Similarly, a recent update to GPT-4o was found to make the model's responses "sycophantic." OpenAI's official response essentially implied that when they added user feedback (👍 and 👎) into the post-training phase, this sycophancy occurred—the model stopped adhering to the "knowledge" it had previously been trained on.

Model instability—whether from updates or inherent randomness—is becoming the biggest obstacle to the large-scale adoption of models in practical applications.

If we broaden the definition and call all these errors "hallucinations," then what matters is not the "hallucination rate," but the "hallucination volume."

Previous comparisons between AI error rates and human error rates are fundamentally flawed: an AI with 99% accuracy but 100 times the efficiency of a human will commit ten times as many errors as a human with 90% accuracy.

This issue became increasingly prominent after I immersed myself in "vibe coding" almost around the clock: I had to constantly adjust my methods and slow down to give myself time to fix its mistakes.

This also applies to autonomous driving, AI diagnosis, and a range of other serious scenarios. With the introduction of AI, standards should also change. The safety we need is not just one standard deviation, but perhaps three to five or even more.

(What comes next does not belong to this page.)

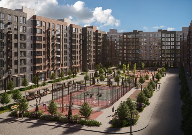Спортивные зоны включают в себя площадки для занятий футболом, баскетболом, воркаутом и другими активными видами спорта для всей семьи.
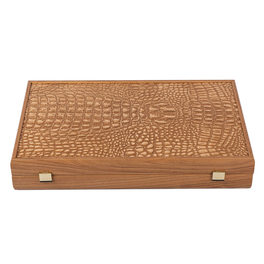 Premium Handcrafted Crocodile Tote in Ivory with Brown Finish Leather Backgammon Set

I believe this standard will eventually be met, but it won't be tomorrow, nor in three to six months, nor even in a year or two. Until that higher standard is reached, we are in a state of pain.

Is This a Negative for Computing Power?

To some extent, yes. However, in an environment where market expectations have already been lowered significantly, some sentiments have become excessively pessimistic.

Every major breakthrough in information technology results from new algorithms superimposed on scale effects. Algorithms are a matter of luck and discovery, but scale always rises in steps. In this process, the best hardware always faces a supply shortage rather than a demand shortage. When I was cautious about NV (NVIDIA) in the second half of last year, I said it was facing technical hurdles. The adjustment of downstream spending plans caused by changes in product release cycles due to constant delays looks like demand issues, but is essentially a supply issue.

Yet, during the accumulation period needed to break through to the next stage, the best computing power remains a scarce commodity because it represents greater certainty and lower total cost of ownership and time cost.

It is about computing "capability," not just simple "compute power."

As the volatility from short-term external shocks stabilizes, the trend of divergence between the physical and virtual sectors may become clearer. Under the dual effects of an expected global real economy downturn, rising living costs, and model bottlenecks, there may be no trend-based opportunities for a while—only opportunities brought by price fluctuations. However, "infrastructure investment" intended for the next stage of breakthroughs will likely continue to provide higher certainty.

Efforts coming from improving "quality" rather than "quantity" still possess a higher barrier to entry.